Lots of peolpe use them and im just curious why and what makes them so special???


----------



## bretts (Feb 24, 2004)

dont warp, good accuracy with broadheads, no tearing, easy to put on, look good


----------



## parker_lipetzky (Aug 31, 2006)

now does the wind have an effect on the way they fly at longer distances??


----------



## kase (Jan 23, 2005)

i don't think that the wind effects them at longer distances any more than it does a different vane. but yeah, like bretts said you can shoot them through targets and they won't warp.

kase


----------



## papapete (Jan 2, 2005)

I think that they stay tunned better when a broadhead is on.


----------



## panman (Mar 3, 2006)

They are also very good in the wisker bisqut.just put a drop of glue in front of the vain.


----------



## NDTerminator (Aug 20, 2003)

Marked improvement over standard vanes in essentially all important areas. Fletched up some of my wife's CX 250's with Blazers (at her request) and am amazed at the performance improvement over 4" vanes. If I ever pick up the compound again, I'll use Blazers or one of the clones which have appeared this year.

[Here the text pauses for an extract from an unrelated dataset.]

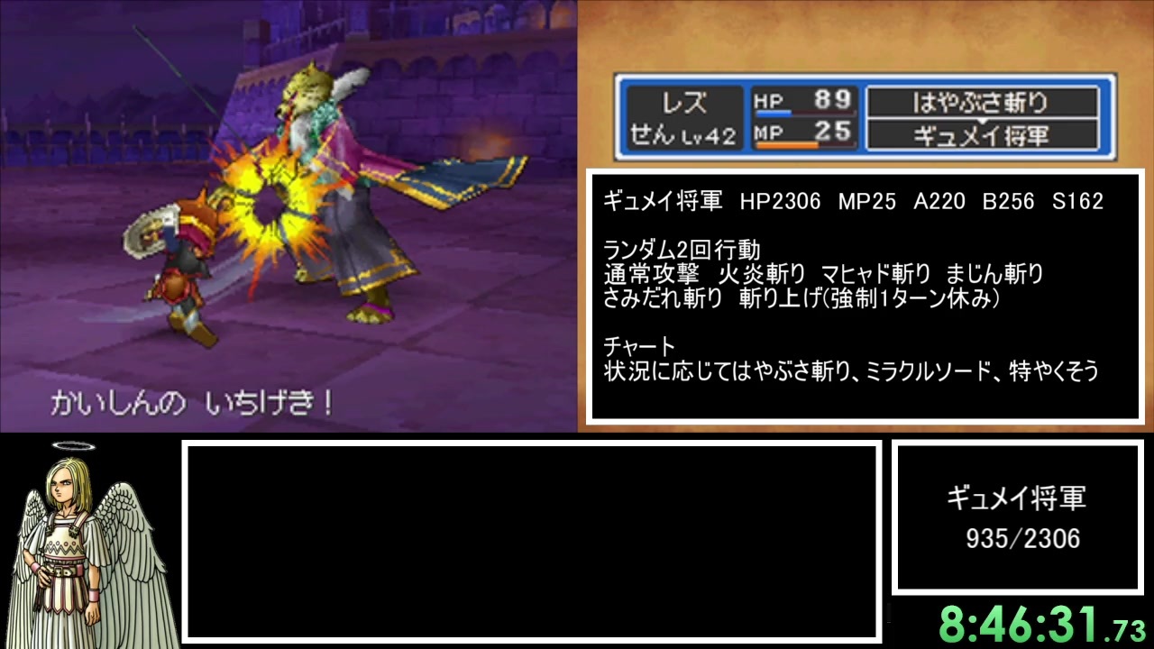 ドラクエ9の一人旅RTA<br>計測区間は電源投入からto be continued消失まで<br>ルイーダの酒場での仲間の加入及び外部通信は禁止<br><br>本日世界記録を出しました!いいねに詳細あります!<br>この動画は自分が記録出す前に編集したのでそういう前提で見てください<br><br>part1→<a href="https://www.nicovideo.jp/watch/sm39230922" class="watch">sm39230922</a><br>次→シリーズからよろしく、概要欄の一番下にあるよ<br>これのマイリス→<a href="https://www.nicovideo.jp/mylist/71653868" target="_blank" rel="noopener">mylist/71653868</a><br>無編集垂れ流し→<a href="https://youtu.be/4HSXpBJdLs4" target="_blank" rel="noopener nofollow">https://youtu.be/4HSXpBJdLs4</a><br>うp動画まとめ→<a href="https://www.nicovideo.jp/mylist/71230916" target="_blank" rel="noopener">mylist/71230916</a><br><br>ゲルニック将軍~暗黒皇帝ガナサダイまで<br><br>※この動画の一部または全部を外部サイト等へ転載することを禁じます。<br> 動画紹介等で動画の一部を引用するのは構いません。<br><br>この動画で利用している株式会社スクウェア・エニックスを代表とする共同著作者が権利を所有する著作物及びスギヤマ工房有限会社が権利を所有する楽曲の転載・配布は禁止いたします。<br>© 2009 ARMOR PROJECT/BIRD STUDIO/LEVEL-5/SQUARE ENIX All Rights Reserved.<br>© SUGIYAMA KOBO<br>Ⓟ SUGIYAMA KOBO<br><br>追記:かぶとわりは防御力だったわね

I shoot Traditional with elevated rest & standard vanes. Just for the heck of it, I fletched up one of my CX Terminator Hunters with Blazers and tried it. I can report poor arrow flight, so it appears Blazers are designed specifically for compound bows shot with release and the rests usually used on them...

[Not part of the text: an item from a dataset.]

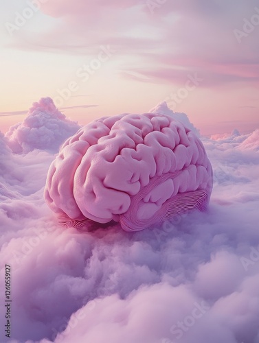 A surreal brain with a dreamy landscape of fog and mist surrounding it, with soft pink and purple hues, neural dreamscape, artistic expression

Trad shooters stick with feathers or standard vanes if you shoot elevated rest...


----------



## nomrcy (Jul 14, 2005)

Blazers higher profile allows for better broadhead stablilization.


----------



## redwingnut22 (Jan 1, 2006)

Hey Parker

The advantage of Blazers is that they a little fly faster than regular 4" vanes. They are good if you use a buscuit, because of less drag when you shoot. The bad part about them is they are less stable at long ranges. 4" vanes are a little slower but at 25 yrds or more they are better, because they are more stable and accurate. If you want to try them refletch 3 of your arrows and shoot them against your other arrows with different vanes on them. You will see the difference at about 20 yrds and farther.


----------



## panman (Mar 3, 2006)

I have to disagree with you Red.I have been using Blazers in my 3 bows and i get elexent flight,at all dis.Not trying to start anything,just make sure that your bow is tuned well.I have been using them sence they came out and they are one of the best vains out there.If you use the Bisket,youll not find a better vain out there,that is,if its not a clone of the Biskets.As been mentioned,put a drop of glue in front and back of your vains and you should have no proublems.Before Blasers,i used feathers,in a properly tuned bow,they lasted for a long time but as others have stated,they became ragged and torn.I still use them now and then,because i like the way they look.On my hunting shafts with broadheads,i just shoot them once and change heads,spin test them again, and put in quvier and only use them for a shot at animals.I do the same with Blazers .pan.


----------